# Comparison of Forecast Method for weather data, could I just use fitted curve or do I really need Out of Sample result?

I am trying to compare some method of forecasting on wind speed data that I have.

Validation method I saw often use RMSE and MAE. So I am planning to observe these values on different forecast method.

It is just in most paper I read the picture graph they only show curve fitted not out of sample graph. So I am kinda confused , could I really just use observation of fitted graph?

Another question if you do not mind, is there recommendation of other method that I could compare with ARIMA? Currently SVM and Holt-Winters are a candidate but, I want to see if there are other method better suited for the 1 year wind speed data that I have.
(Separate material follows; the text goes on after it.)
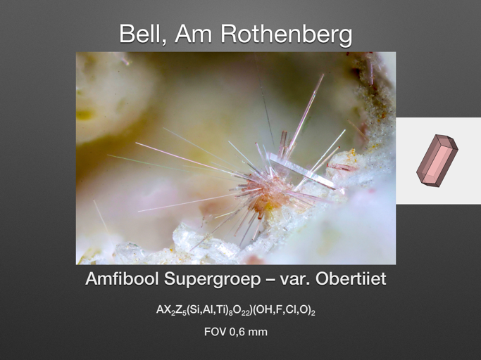 Lezing verzorgd door: Het Kristal Onderwerp: Lezing: Henk Smeets, Eifel mineralen In de Eifel zijn in totaal 49 vindplaatsen beschreven, allemaal basalt en/of lavagroeves, maar daarvan zijn er nog maar weinig toegankelijk voor verzamelaars. Tijdens de presentatie zullen de 6 meest bezochte vindplaatsen en hun mineralen de revue passeren. De mineralen, de meeste kleiner dan een millimeter, worden besproken aan de hand van hun chemische formule en hun kristalstructuur. Als toetje komen nog een aantal zeldzaamheden aan bod, die bijna niemand in de verzameling heeft. De foto is een voorbeeld van de in totaal ongeveer 90 mineralen die zullen worden getoond. |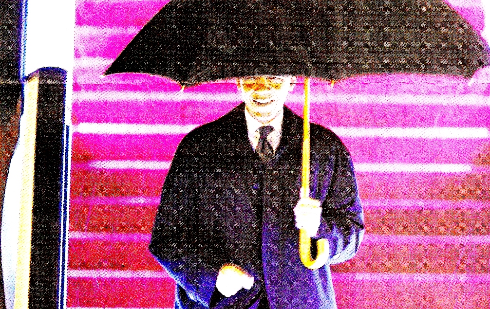 கொட்டும் மழையில் தன் குடையைத் தானே

• If you are trying to assess the potential accuracy of your model when predicting future weather, then testing it against out-of-sample test data is a good idea. If you are going to start by model selection and tuning, then (cross-)validation would be another useful tool too – Henry Apr 22 at 1:08
• Is cross validation is the same as curve fitting or in-sample fit or it is a different method from both in-sample and out of sample? – Iyo Widiastomo Apr 23 at 11:30
• Cross validation is not the same as curve fitting: models are fitted to the training data, and then assessed against the separated validation data, which allows choices between models and tuning of hyperparameters (e.g. dropping variables, regularisation or more) – Henry Apr 23 at 11:49

Out of sample is definitely necessary when looking across models because some models will fit much closer to the samples than others. But these same models can perform much worse for your forecasting problem. There are some in-sample measures such as AICC/BIC which are appropriate for certain models but doesn't apply to everything. At the end of the day you want to forecast so you should judge based on the forecast.
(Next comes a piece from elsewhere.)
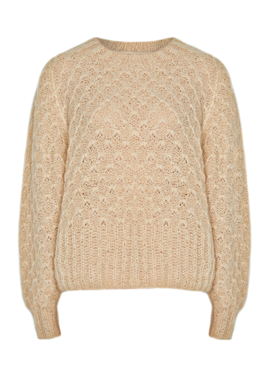 Lana Grossa-Qualität „Lala Berlin Brushy“ (42 % Mohair (Superkid), 38 % Schurwolle (Merino), 20 % Polyamid, Lauflänge 135 m/50 g): ca. 350 (400) g Beige (Fb. 7); Stricknadeln Nr. 5,5 und 6, 1 Rundstricknadel Nr. 5,5, 50 cm lang, 1 Wollhäkelnadel Nr. 5,5.

In terms of other models to try:

1. fbprophet is a nice plug and play model
2. A Mean/Median is a good baseline to have and can be best a lot
3. Likewise a seasonal naive AKA just repeat your last year of data can be good
4. LSTMs are ok but less plug and play
5. I have some old code you could play around with https://github.com/tblume1992/LazyProphet

Time series literature has a ton more and the hyndman book is a good place to start although it is in r: https://otexts.com/fpp2/

+1 to Tylerr's answer and Henry's comment.
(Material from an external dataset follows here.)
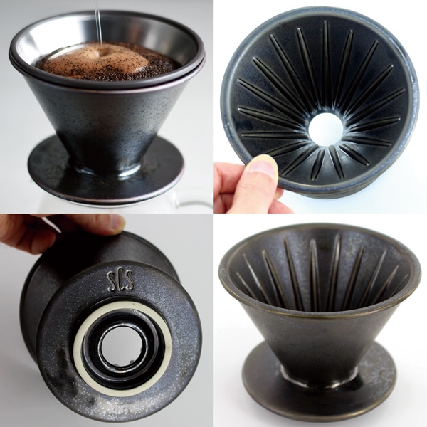 ステンレスフィルターで淹れるコーヒーは、旨み成分であるコーヒーオイルを多く抽出し、コーヒー本来のアロマをダイレクトに味わえ、ペーパーフィルターでは、クリアでマイルドなコーヒーの飲み心地を愉しめます。底面には大きめの一つ穴が空いており、円錐形のSCSステンレスフィルター、SCSコットンペーパーフィルター、いずれもセットして使うことができます。

Do not use in-sample fit as a criterion for a good model. In-sample fit can always be improved by making your model more complex, but that has nothing to do with forecast accuracy.

For instance, try simulating some completely IID random noise, then first fit a model that is just the overall mean, then Single Exponential Smoothing, then Exponential Smoothing with seasonality, finally Exponential Smoothing with seasonality and trend. Each successive model will have a better in-sample fit than the previous model, since they are nested. But each model will also give worse forecasts than the previous one, because they are overfitting more and more to dynamics that simply aren't there.

Information criteria try to mitigate this overfitting, but they cannot be compared between model classes.

Wind speed may well have some yearly seasonality. If you have daily data, then these are quite long seasonal periods; ARIMA does not do well on such long seasonalities. You could look at BATS or TBATS models, which do a better job. They are available in the forecast package for R.